当满足 critical point 时,grdient 为 0
在 θ θ θ 为其他值时,如果都大于 L ( θ ′ ) L(θ') L(θ′) 时,Explain that this is the local minimum point…
But we can't bring all of them v v v 值,So it can be turned into the following judgment:
满足 v T H v > 0 v^THv > 0 vTHv>0 的 H H H(hessian) 矩阵叫做 positive definite.
positive definite 的特性:All eigenvalues are positive.
例子:
当 critical point 是 saddle point(鞍点)时,可以通过 Hessian 来帮我们判断 update 的方向.
Find the eigenvalue is Negative counterpart The direction of the eigenvectors,Go in this direction,will reduce the gradient.
一个点代表一个 network.
The vertical axis represents when the training stops,Loss 的大小.
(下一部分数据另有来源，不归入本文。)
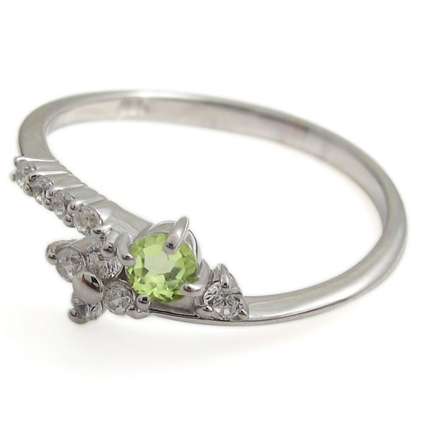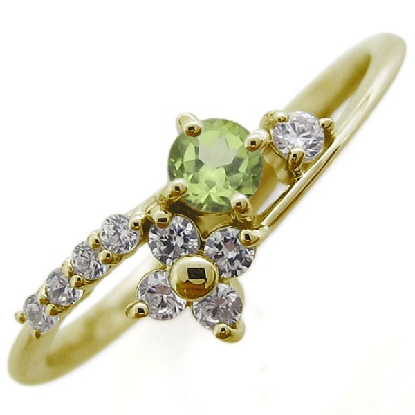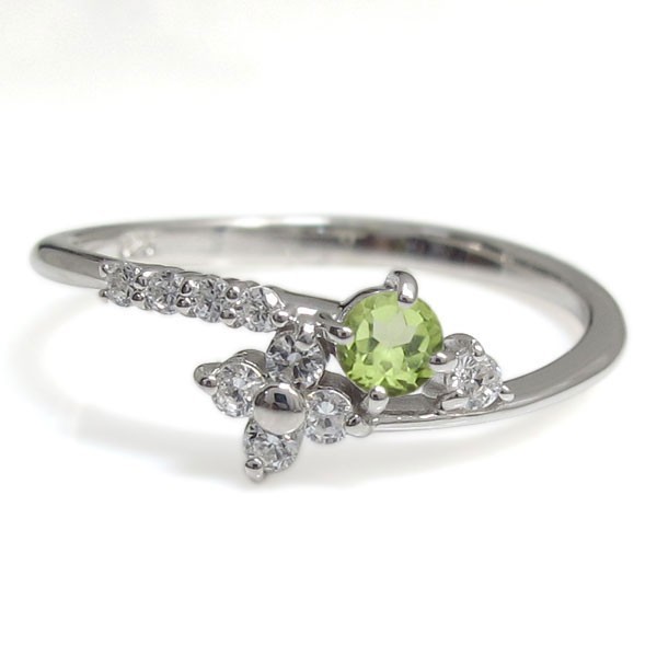 ■石名:主石 ペリドット(約 3.0mm/天然石使用)脇石 ダイヤモンド(9石合計で約 0.14ct/天然石使用)

The horizontal axis represents when the training stops,The ratio of eigenvalues with positive eigenvalues to all eigenvalues.
So in high dimensional spaces most are saddle points rather than local minima.
batch 与 momentum
batch
为什么要用 batch:每个 batch A wave of parameters can be updated
When there is parallel operation,batch size The big one might train one epoch 会更快.
但是在 batch size 小的 noise 对 optimization There may be better results.
小的 batch 对 training 更好 可能的解释:
每次 batch 时对应的 loss function 有差异,The corresponding gradients are different.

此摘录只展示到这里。